まず主催者を代表して内閣府宇宙戦略室の田村栄一企画官が登壇し、準天頂衛星システムの概要と最新状況を解説しました。
田村企画官は、「衛星測位は4機の衛星が可視であることが必要」とし、市街地での測位はビル壁面からの反射によるマルチパス(伝搬経路が異なる電波を同時に受けてしまう)の影響で利用できない衛星があり、衛星の数を増やして高仰角で見える衛星が増えれば解決可能で、準天頂衛星はGPSと一体で利用できる、と説明しました。
また、「各国の衛星測位システムの中で日本の準天頂衛星システムだけがGPS互換で、米国との調整の結果、同じ電波を出せることになり、受信機が普及しやすい」とメリットを示し、今後10年程度の目標を「まずは2018年に4機体制を整備し、その後は7機体制で持続測位を実現」としました。

準天頂衛星システムの概要と最新状況の解説

また、「準天頂衛星で正確な経緯度がわかるようになっても、地図の精度が低ければ自分がどこにいるかはわからない。これではスーパーカーに未舗装道路を走らせるようなもの」として、4機体制の運用が始まる2018年までに高精度測位に呼応する高精度な地図が整備されることに期待すると述べました。

測位とメッセージ機能の両機能を備える

日本電気株式会社 小川秀樹氏

続いて日本電気株式会社の小川秀樹が、地上システムと衛星システムからなる総合システムの最新状況を解説しました。
4機体制では、現在運用中の初号機に加え、2機を準天頂軌道に配置し、3機の準天頂衛星が仰角20度以上の位置に16時間、60度以上には8時間とどまることになると解説。

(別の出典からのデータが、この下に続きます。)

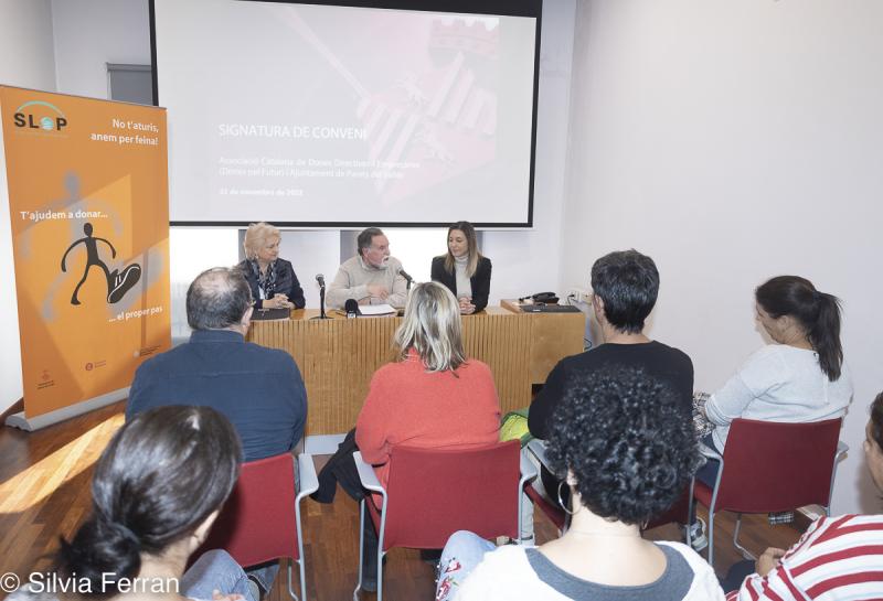 Con la firma del convenio, el Ayuntamiento se compromete a la cesión de una sala para el desarrollo del proyecto de la entidad en el municipio. El proyecto hace referencia al programa de apoyo a las mujeres en los ámbitos rurales y urbanos es un servicio personalizado de orientación profesional y de acompañamiento a la inserción a las mujeres, llevado a cabo por el Servicio Público de Empleo de Cataluña. Esta iniciativa está impulsada por el SOC y financiada por la Unión Europea con los fondos Next Generation.

加えて1機を静止軌道上(東経127度)に置くことで、日本を中心としたアジア・オセアニア地域での準天頂衛星システムの測位利用が可能となるとしました。
加えて、測位信号のほか、メッセージ関連として「災害・危機管理通報サービス」と「衛星安否確認サービス」を備え、携帯端末との直接のやりとりが可能である点も解説しました。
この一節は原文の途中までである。